У нее была потрясающая интуиция. Получив на руки пьяницу, расставшегося со всеми надеждами, она определила свое с ним творческое будущее на много лет вперед.

-Главное сейчас – вернуть ему человеческое достоинство и веру в себя, - делилась Галка со мной. – Но сначала пусть  пройдет через ад.

Галкин ковбойский номер  стал для Яши серьезным испытанием. Он был подобен жеребцу, которого надо укротить, чтобы он почувствовал волю человека и захотел стать полезным. Галка была неумолима в роли укротителя. Яша бежал по кругу, а она ловко набрасывала на него лассо и щелкала кнутом, заставляя бежать быстрее. Затем в дело шел тот самый кнут, которым, якобы, можно поразить любую цель. Яша на бегу протягивал руку с каким либо предметом, и Галка ударом кнута вышибала его из Яшиной руки, иной раз задевая и пальцы. Яша бледнел и терпел. Но это были еще цветочки. Ибо затем Яша вставал по стойке смирно с яблоком на голове, и Галка ударом кнута разбивала яблоко, воскрешая легенду о Вильгельме Телле. Финальный же трюк заставил бы и Телля сложить свои полномочия.  Яша брал сигарету, закуривая дрожащей в руке зажигалкой, и Галка наносила последний – «смертельный» удар, гася сигарету у Яши в губах!
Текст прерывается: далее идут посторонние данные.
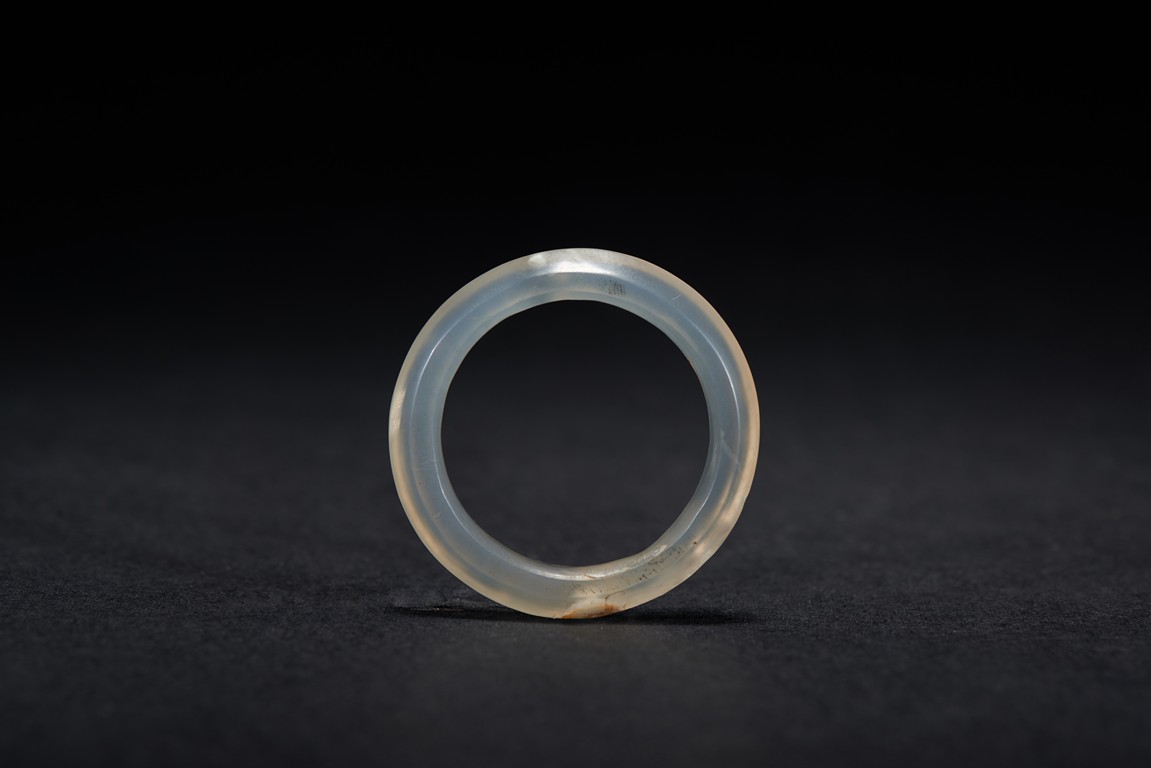 The bangle is crisply carved with highly translucent white tone with minor russet inclusion. Warring state period.

Бедный актер, влюбленный в своего укротителя, с честью выдержал испытание.

-Я вообще-то патологический трус, - признавался он мне. – Но почему-то поверил, что Галя никогда не промахнется. И перестал бояться. И, знаешь, мне нравится быть эдаким мустангом. Иногда я так перевоплощаюсь, что, кажется, вот сейчас она вскочит на меня, и я поскачу с ней далеко-далеко.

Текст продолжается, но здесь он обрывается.